NEW ORDER + LIAM GILLICK
Il Nuovo Ordine del Nuovo Ordine di Aldo Chimenti
Ritorno in grande spolvero sull’ampio palco delle OGR (Officine Grandi Riparazioni) per i New Order di Bernard Sumner, la band nata sulle ceneri dei Joy Division dopo il tragico epilogo. Di nuova concezione lo show commissionato dal Manchester International Festival e intitolato ∑(No,12k,Lg,18Ogr) New Order + Liam Gillick: So It Goes.., dove spicca la presenza di una formazione ampliata ed un approccio agli strumenti decisamente rinnovato rispetto a come lo ricordavamo nel loro status di icona post-punk per eccellenza. A delineare il nuovo corso dei Nostri è una sorta di restyling tecnologico che parte dalle strutture sonore (ridisegnate con la complicità del compositore/arrangiatore Joe Duddell) e che termina nei moderni allestimenti di scena ideati dal visual artist Liam Gillick.
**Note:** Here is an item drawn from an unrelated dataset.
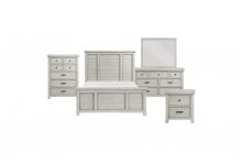 The Providence Collection’s lines and versatile finish create a classic addition for your bedroom. Oak veneer is finished in light gray, serving as a neutral canvas for your personal decorative preferences. The unfettered framed panel headboard and low-profile footboard serve as your bedroom’s focal point while antique black tone metal knob and bar hardware provide complementing contrast to the light finish of the dresser, nightstand, and chest.

Peter Hook se n’è andato già da un pezzo per seguire la sua strada e celebrare gli anniversari dei Joy Division e dei New Order a modo suo, un vuoto mai colmato nonostante le innegabili capacità del nuovo bassista. Le chitarre conservano il proprio ruolo, così come i tamburi di Stephen Morris e le tastiere di Gillian Gilbert, ma a tenere banco è un’orchestra di 12 sintetisti che campiona i suoni originali del gruppo rimaneggiandoli a dovere. Quello che la sera del 5 maggio avevamo di fronte era un nucleo di artisti proiettati nel futuro, con un approccio musicale a predominanza elettronica che pulsava di ritmi matematici e di beat vorticosi il cui modello estetico rimanda all’eleganza teutonica dei Kraftwerk. Ma loro sono i New Order, gli eroi della nostra generazione sedotta dalla ‘nuova onda’ che nessuna metamorfosi in seno all’organico, nessuna svolta espressiva e metodo compositivo cavalcati dall’Ordine potranno mai cancellare dai database della nostra umana memoria. Neppure questa inedita incarnazione da club alternativo votata ad altre logiche, dove la voce screziata di Sumner è comunque chiamata a dispensare emozioni sublimi e melodie indimenticabili come quelle riecheggiate dalle atemporali Disorder e Decades, le uniche due concessioni dal repertorio dei Joy Division. In verità ci saremmo aspettatati una selezione di brani più ampia e rievocativa (peraltro totalmente dimentica di Movement), ma il programma è parso più come un’operazione di sintesi funzionale alle dinamiche dello spettacolo in sé che un momento di solennità da lasciare a futura memoria. Una scaletta epurata di gemme epocali quali Ceremony, Procession, Everything’s Gone Green, Dreams Never End, Chosen Time, Denial, Temptation, Confusion, True Faith e perfino della hit delle hit Blue Monday che dal vivo non osiamo immaginare quanto avrebbero spaccato.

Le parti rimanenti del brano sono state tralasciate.